Austin Shelley, 23, who left McConnellsburg to move to Orlando when he was 17, says the remarks can have a damaging effect on young people in the process of coming out. Shelley was Cutchall’s dance pupil when he was a teenager growing up in McConnellsburg.

“When I was growing up, I was shunned,“ Shelley said. ”Because I was so sheltered from my real true identity, that I didn’t know that I was gay.”

Shelley did not come out to friends and family until after he moved to Orlando, he said.

A community member had the idea for the support group at the library, which teamed with TrueNorth Wellness Services, a mental health provider that leads the meetings. The group aims to help people build confidence in their “authentic visibility within the Fulton County community.”

Catya Bookhamer, outpatient manager for TrueNorth, said neither the denial of funding nor the anti-LGBTQ remarks will change plans to meet at the library. The group has between 5 and 10 members.

“The largest impact, honestly, that this situation has had on our group is showing us how much support is out there, showing us how many people are truly in the group’s corner,” Bookhamer said. “We have allies that are just popping out of every corner of the county.”

Jamie Brambley, director of the Fulton County Library, said the library might invite community members to talk about how the money from the fund-raisers will be used.

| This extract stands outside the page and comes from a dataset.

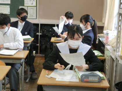 先日実施された公立高校の入試問題にチャレンジしていました。これまでの学習も入試にとても重要であることを実感していたようです。

“We have so many needs. We’re still processing all this,” Brambley said. One priority would be upgrading computers and installing new wifi hotspots.

The commissioners could not be reached for comment. Ulsh told the Chambersburg Public Opinion on Tuesday that the decision to not provide the additional $3,000 stands.

In a Facebook post that is now deleted, Bunch defended that decision.

“The reason I made my decisions on the funding was because I don’t think any tax-funded organization should host anything we see on the media that creates hate. I didn’t say the people in these groups are the haters but everyone picks what fits in there (sic) agenda and that’s what drives a wedge between people,” Bunch wrote in the post.

The ACLU of Pennsylvania said the commissioners’ decision to deny funding violates the First Amendment.

“Libraries have historically been a place for gathering and for free thought and expression, but, in Fulton County, the commissioners are punishing their local library because it is a place where LGBQ&T people gather,” said Vic Walczak, legal director of the ACLU of Pennsylvania.